» Data section
☆ ☆ ☆ ☆ ☆ ☆ ☆

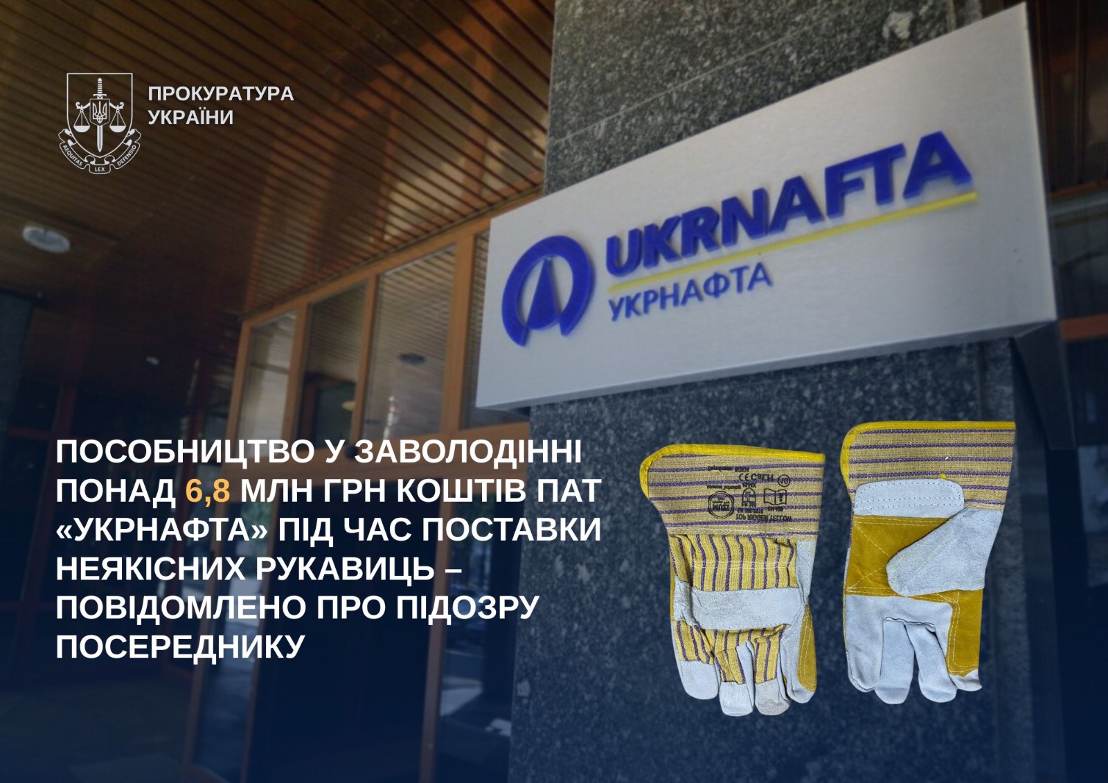 Прокурорами Печерської окружної прокуратури міста Києва представнику товариства, що постачало робочі рукавиці ПАТ «Укрнафта», повідомлено про підозру у пособництві заволодінню грошима нафтовидобувної компанії.
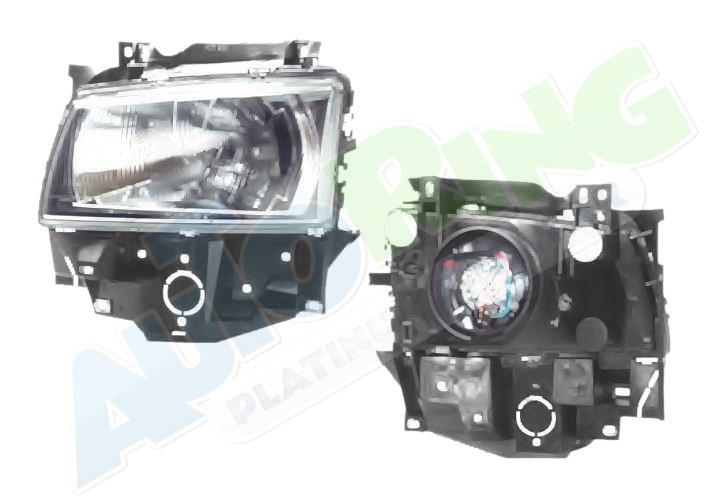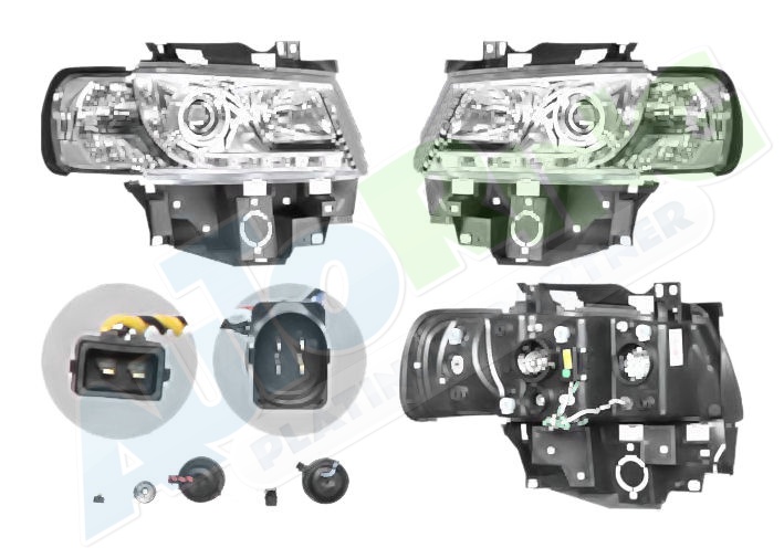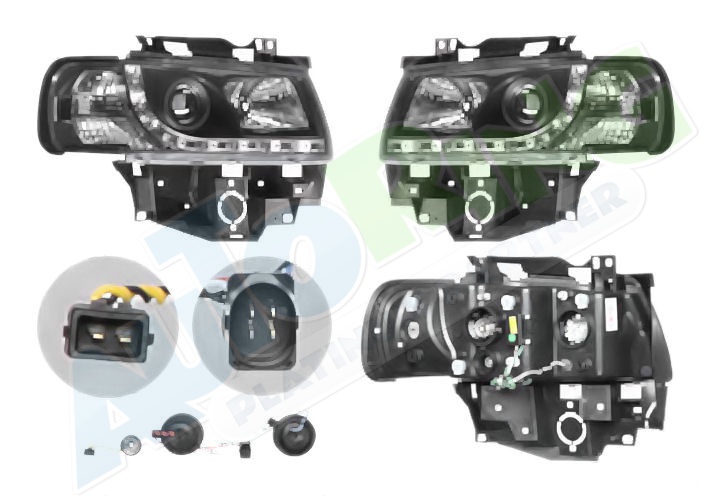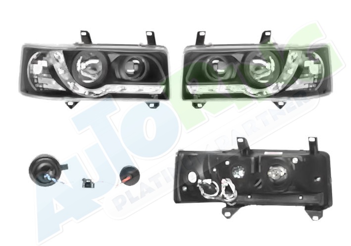 s LED obrysovým světlem, žárovka H1+H1, mechanické i elektrické naklápění, provedení transparentní + černé, tuning
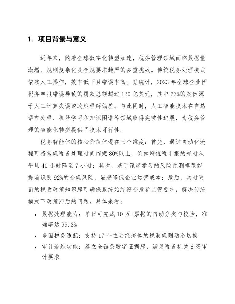 本系统定位为面向税务领域的智能化解决方案,旨在通过人工智能技术重构传统税务管理流程,实现从被动响应到主动服务的范式转变。系统核心目标在于构建具备多模态交互能力、动态学习能力和复杂场景适应性的税务智能体集群,为纳税人、税务机构及第三方服务机构提供全链条智能服务。系统设计遵循"数据驱动、场景适配、服务闭环"三大原则,通过深度融合自然语言处理、知识图谱与机器学习技术,建立覆盖税务咨询、合规审查、风险预警、政策推演等12类核心场景的智能服务体系。
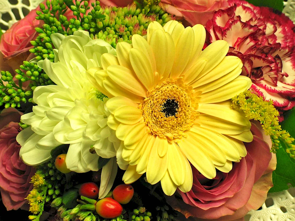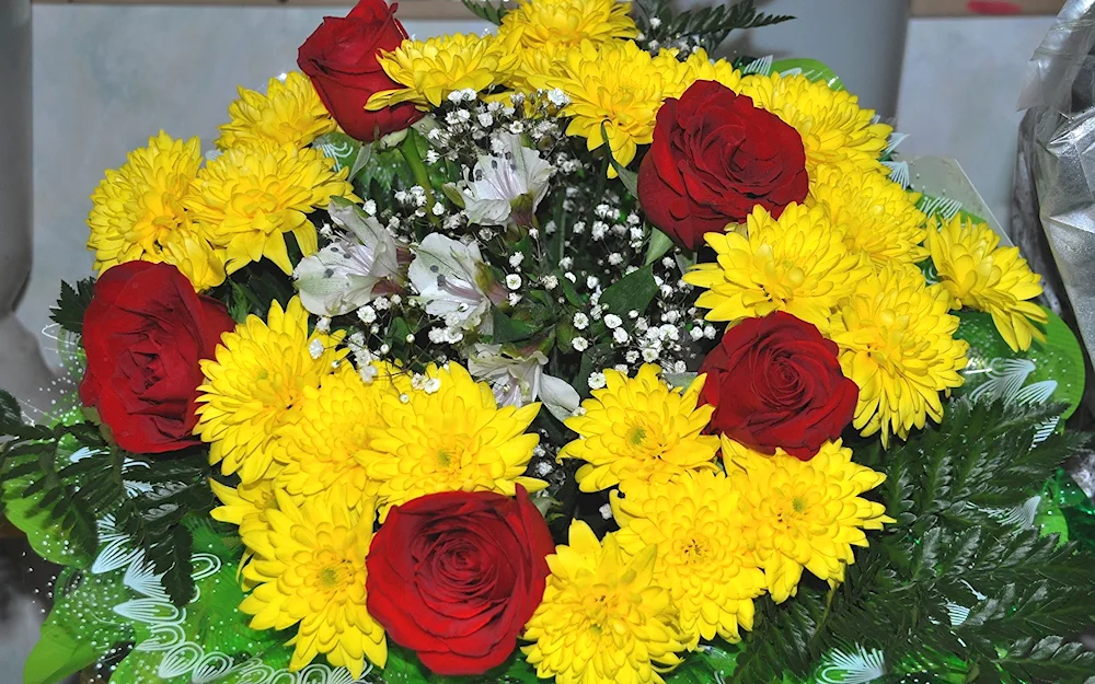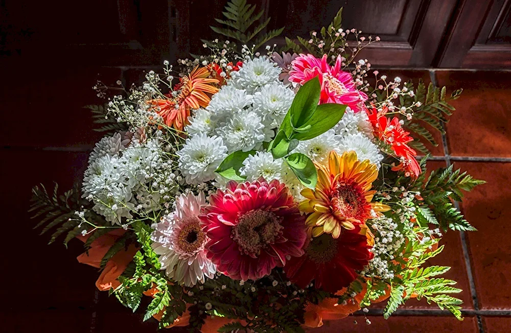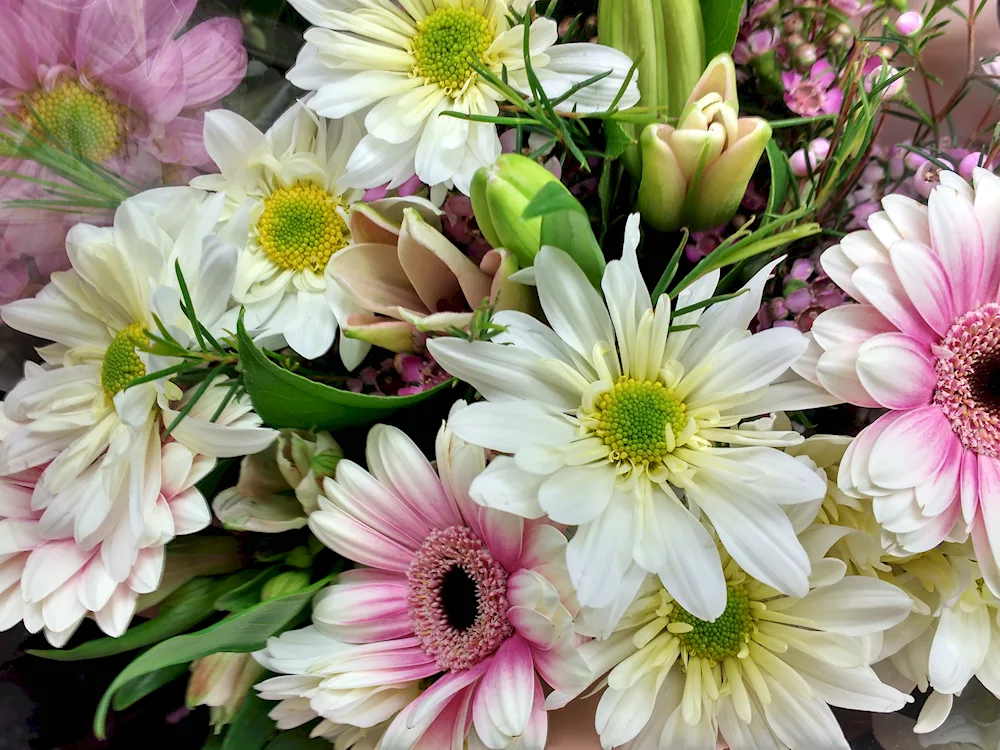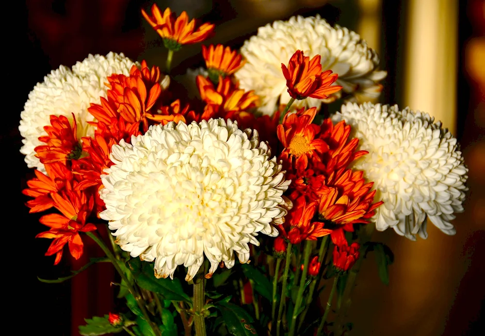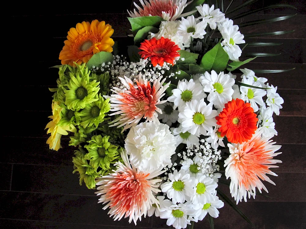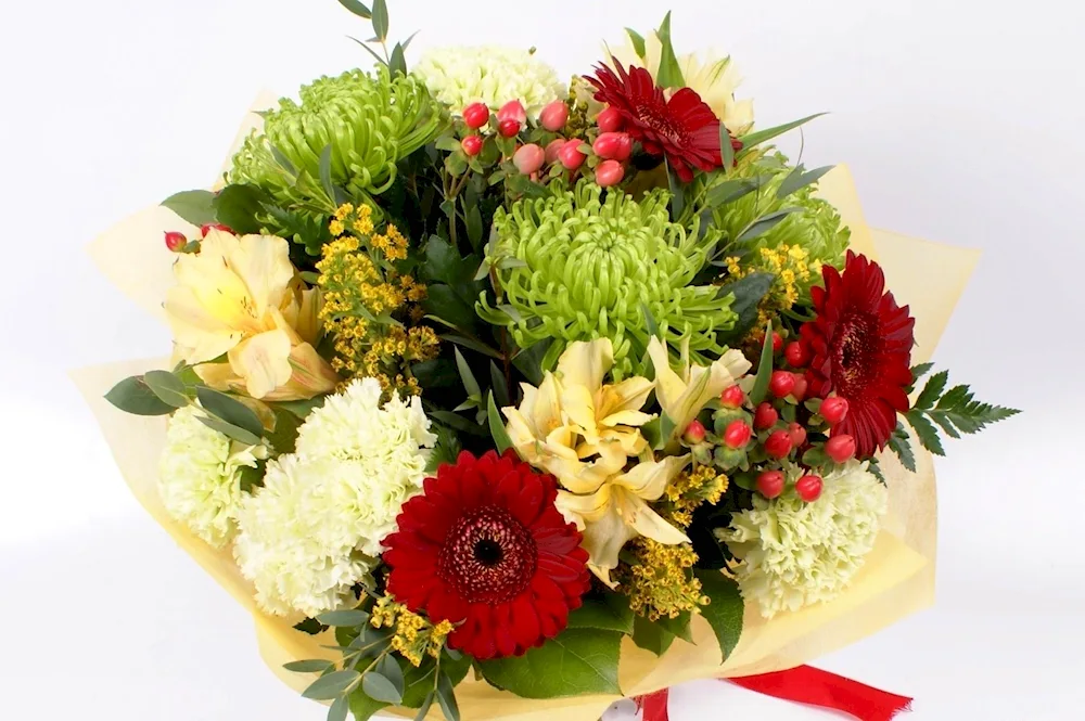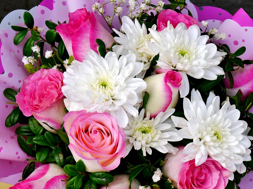 Photos of beautiful, vibrant chrysanthemums arranged in a stunning bouquet, showcasing their large and colorful petals. Each image captures the elegance and grace of these exquisite flowers, perfect for bringing joy and brightness to any space.

☆ ☆ ☆ ☆ ☆ ☆ ☆

» Task requirements
Drop the images, then copy the data exactly.

» Solution to this problem
 Прокурорами Печерської окружної прокуратури міста Києва представнику товариства, що постачало робочі рукавиці ПАТ «Укрнафта», повідомлено про підозру у пособництві заволодінню грошима нафтовидобувної компанії.
 s LED obrysovým světlem, žárovka H1+H1, mechanické i elektrické naklápění, provedení transparentní + černé, tuning
 本系统定位为面向税务领域的智能化解决方案,旨在通过人工智能技术重构传统税务管理流程,实现从被动响应到主动服务的范式转变。系统核心目标在于构建具备多模态交互能力、动态学习能力和复杂场景适应性的税务智能体集群,为纳税人、税务机构及第三方服务机构提供全链条智能服务。系统设计遵循"数据驱动、场景适配、服务闭环"三大原则,通过深度融合自然语言处理、知识图谱与机器学习技术,建立覆盖税务咨询、合规审查、风险预警、政策推演等12类核心场景的智能服务体系。
 Photos of beautiful, vibrant chrysanthemums arranged in a stunning bouquet, showcasing their large and colorful petals. Each image captures the elegance and grace of these exquisite flowers, perfect for bringing joy and brightness to any space.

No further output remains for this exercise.